# Season's Greetings



## Anthony8858 (Sep 18, 2011)

......And a chance to introduce you to the other children in my household. 

5 daughters.... One way or another..Pheww.


----------



## Daisy&Lucky's Mom (Apr 24, 2011)

Wow Anthony you are outnumbered. Your girls are all beautiful. Merry Christmas.


----------



## Stevenzachsmom (Mar 3, 2008)

Beautiful Family!!! And MAN you are WAAAYYYY outnumbered. LOL!


----------



## Stevenzachsmom (Mar 3, 2008)

Daisy&Lucky's Mom said:


> Wow Anthony you are outnumbered. Your girls are all beautiful. Merry Christmas.


You beat me to it. LOL!


----------



## Anthony8858 (Sep 18, 2011)

Thank you.

Believe me, and they know it 

And you haven't met my wife...LOL, ahem...the "ring leader"
That's another story.


----------



## onyx'girl (May 18, 2007)

My dad can sympathize with you! What a nice picture, everyone looks very happy...except the white furball.
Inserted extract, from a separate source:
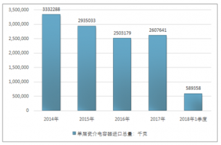 2016年我國單層瓷介電容器出口總量2107650千克,2017年出口總量2494088千克;2018年1季度出口總量562728千克。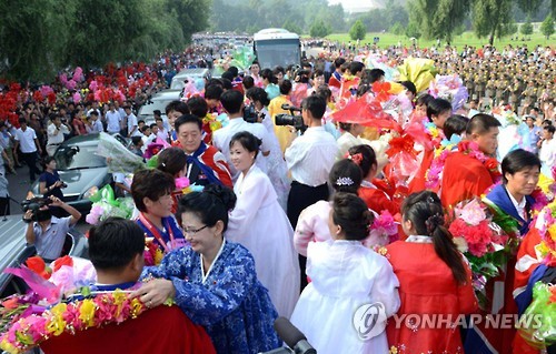 | △ 동아시안컵 우승 여자축구선수들 환영하는 평양시민들 (평양 조선중앙통신 = 연합뉴스) 북한 평양시민들이 10일 2015 동아시아축구연맹(EAFF) 축구선수권대회(동아시안컵)에서 우승하고 귀국한 북한 여자 축구선수들을 환영하고 있다. 2015.8.11 photo@yna.co.kr |

Probably because she is the princess and wanted her own fotoshoot?


----------



## Whiteshepherds (Aug 21, 2010)

Beautiful family!!:dancingtree:


----------



## Anthony8858 (Sep 18, 2011)

onyx'girl said:


> My dad can sympathize with you! What a nice picture, everyone looks very happy...except the white furball. Probably because she is the princess and wanted her own fotoshoot?


LOL...You're right.

....But she wanted the box of treats on the sofa behind me


----------



## chelle (Feb 1, 2009)

What a beautiful family pic!


----------



## Rahrah (Oct 30, 2011)

Gorgeous girls!


----------



## blehmannwa (Jan 11, 2011)

Lovely family!


----------



## bianca (Mar 28, 2010)

You have a beautiful family!


----------



## JakodaCD OA (May 14, 2000)

GREAT Picture,,Happy Holidays to you all


----------



## RocketDog (Sep 25, 2011)

Beautiful ladies, Anthony, one and all. 

Happy Holidays!


----------